- **YOUR INSTRUCTIONS**
Output, exactly as written, the lines below from the one that has "臺達直線灌裝設(shè)備控" through the one that has "近年来,人大附中每年都会迎来"; nothing else, and no pictures.

- **DATA PROVIDED**
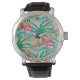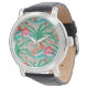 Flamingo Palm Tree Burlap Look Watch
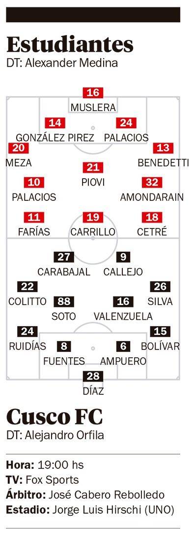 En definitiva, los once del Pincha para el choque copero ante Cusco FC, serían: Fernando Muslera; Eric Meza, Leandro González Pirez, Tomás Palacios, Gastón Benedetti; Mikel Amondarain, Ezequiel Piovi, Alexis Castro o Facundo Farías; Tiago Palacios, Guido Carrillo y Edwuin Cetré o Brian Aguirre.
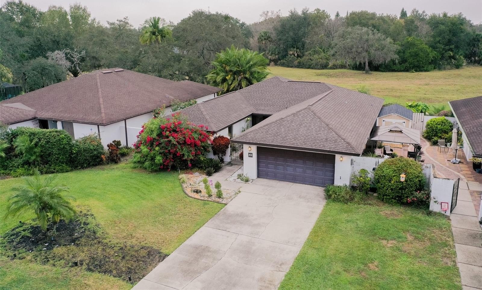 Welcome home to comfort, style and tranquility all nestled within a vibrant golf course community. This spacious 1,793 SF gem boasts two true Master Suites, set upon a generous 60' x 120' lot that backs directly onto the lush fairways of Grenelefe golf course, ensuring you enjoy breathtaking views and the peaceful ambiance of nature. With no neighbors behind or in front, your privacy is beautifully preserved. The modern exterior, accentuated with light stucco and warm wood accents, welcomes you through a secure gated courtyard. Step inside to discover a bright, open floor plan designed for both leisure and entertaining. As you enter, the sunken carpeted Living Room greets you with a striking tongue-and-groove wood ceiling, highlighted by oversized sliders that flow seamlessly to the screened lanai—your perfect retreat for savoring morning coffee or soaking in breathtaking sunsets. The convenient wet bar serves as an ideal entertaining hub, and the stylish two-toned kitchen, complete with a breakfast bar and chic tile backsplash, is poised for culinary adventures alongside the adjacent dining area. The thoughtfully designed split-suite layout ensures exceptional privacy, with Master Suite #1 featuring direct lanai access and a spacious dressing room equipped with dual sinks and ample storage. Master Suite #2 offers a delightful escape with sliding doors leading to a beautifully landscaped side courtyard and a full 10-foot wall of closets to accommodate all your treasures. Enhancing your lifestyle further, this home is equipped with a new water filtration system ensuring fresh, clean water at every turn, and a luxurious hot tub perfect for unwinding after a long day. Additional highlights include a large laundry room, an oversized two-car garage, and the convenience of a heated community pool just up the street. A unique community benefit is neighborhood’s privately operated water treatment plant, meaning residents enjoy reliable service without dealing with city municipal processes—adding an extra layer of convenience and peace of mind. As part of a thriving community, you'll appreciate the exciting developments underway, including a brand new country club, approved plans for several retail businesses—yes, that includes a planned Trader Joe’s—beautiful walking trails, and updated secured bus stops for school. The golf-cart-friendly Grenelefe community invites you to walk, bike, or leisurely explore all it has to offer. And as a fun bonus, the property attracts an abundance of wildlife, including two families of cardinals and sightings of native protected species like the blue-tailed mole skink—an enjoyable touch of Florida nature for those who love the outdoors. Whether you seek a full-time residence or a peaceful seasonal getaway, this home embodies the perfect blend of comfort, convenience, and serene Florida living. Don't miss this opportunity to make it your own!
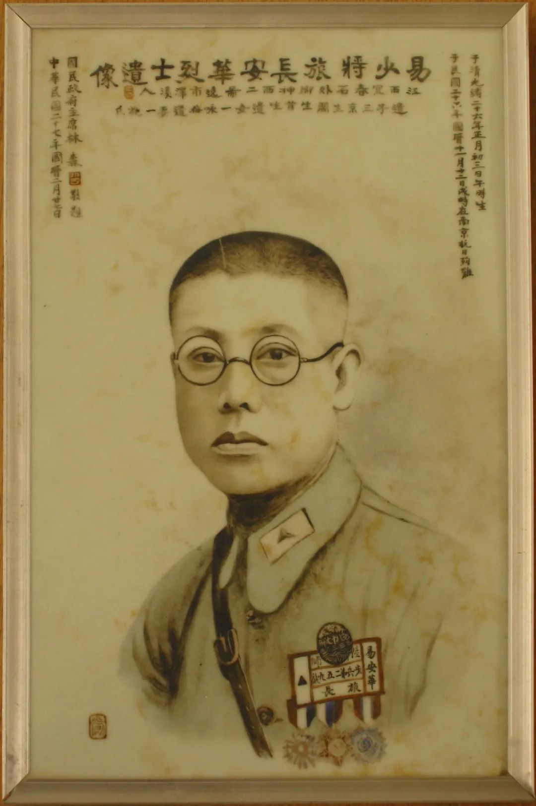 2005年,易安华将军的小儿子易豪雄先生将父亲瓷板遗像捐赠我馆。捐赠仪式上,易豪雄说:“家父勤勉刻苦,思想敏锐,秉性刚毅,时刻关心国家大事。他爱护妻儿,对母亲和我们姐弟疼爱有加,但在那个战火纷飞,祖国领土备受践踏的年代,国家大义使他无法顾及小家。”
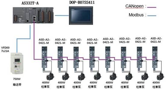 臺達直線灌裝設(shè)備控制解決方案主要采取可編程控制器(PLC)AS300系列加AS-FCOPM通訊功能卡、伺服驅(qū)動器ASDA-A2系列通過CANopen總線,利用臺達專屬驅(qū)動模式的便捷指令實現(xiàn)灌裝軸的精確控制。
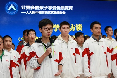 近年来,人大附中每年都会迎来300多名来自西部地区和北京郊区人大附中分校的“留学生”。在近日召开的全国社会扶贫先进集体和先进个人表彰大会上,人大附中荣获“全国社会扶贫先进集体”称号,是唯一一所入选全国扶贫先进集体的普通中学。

==

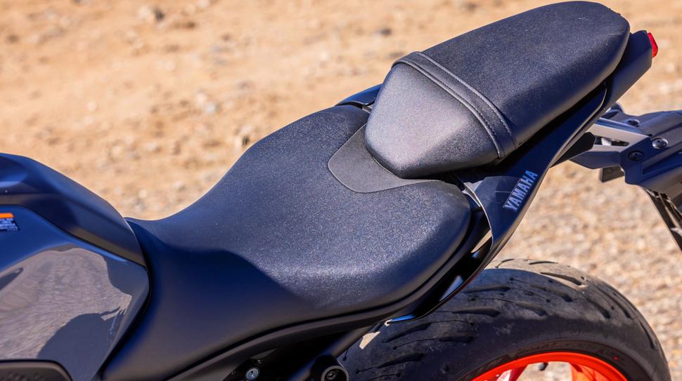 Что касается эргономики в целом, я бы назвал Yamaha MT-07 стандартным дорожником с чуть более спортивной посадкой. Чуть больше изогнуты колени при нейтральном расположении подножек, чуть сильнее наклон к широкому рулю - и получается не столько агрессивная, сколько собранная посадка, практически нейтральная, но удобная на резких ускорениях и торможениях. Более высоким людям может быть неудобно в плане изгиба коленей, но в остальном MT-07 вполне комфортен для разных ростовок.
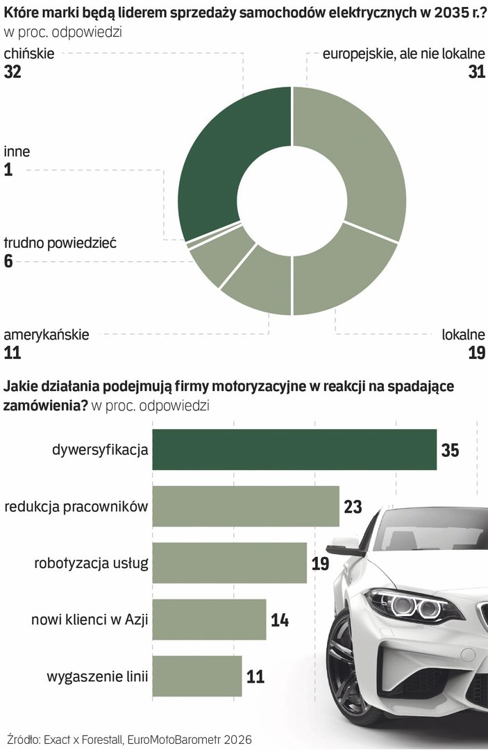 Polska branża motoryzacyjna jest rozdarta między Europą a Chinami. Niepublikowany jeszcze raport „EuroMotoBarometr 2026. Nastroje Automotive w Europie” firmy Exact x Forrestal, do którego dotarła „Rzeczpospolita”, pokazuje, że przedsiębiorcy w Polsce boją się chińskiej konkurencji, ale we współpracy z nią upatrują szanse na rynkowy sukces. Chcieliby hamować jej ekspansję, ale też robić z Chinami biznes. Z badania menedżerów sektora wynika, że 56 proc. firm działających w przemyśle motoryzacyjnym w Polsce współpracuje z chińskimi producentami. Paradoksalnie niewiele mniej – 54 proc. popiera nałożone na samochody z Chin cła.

- **RESPONSE TO THIS TASK**
 臺達直線灌裝設(shè)備控制解決方案主要采取可編程控制器(PLC)AS300系列加AS-FCOPM通訊功能卡、伺服驅(qū)動器ASDA-A2系列通過CANopen總線,利用臺達專屬驅(qū)動模式的便捷指令實現(xiàn)灌裝軸的精確控制。
 近年来,人大附中每年都会迎来300多名来自西部地区和北京郊区人大附中分校的“留学生”。在近日召开的全国社会扶贫先进集体和先进个人表彰大会上,人大附中荣获“全国社会扶贫先进集体”称号,是唯一一所入选全国扶贫先进集体的普通中学。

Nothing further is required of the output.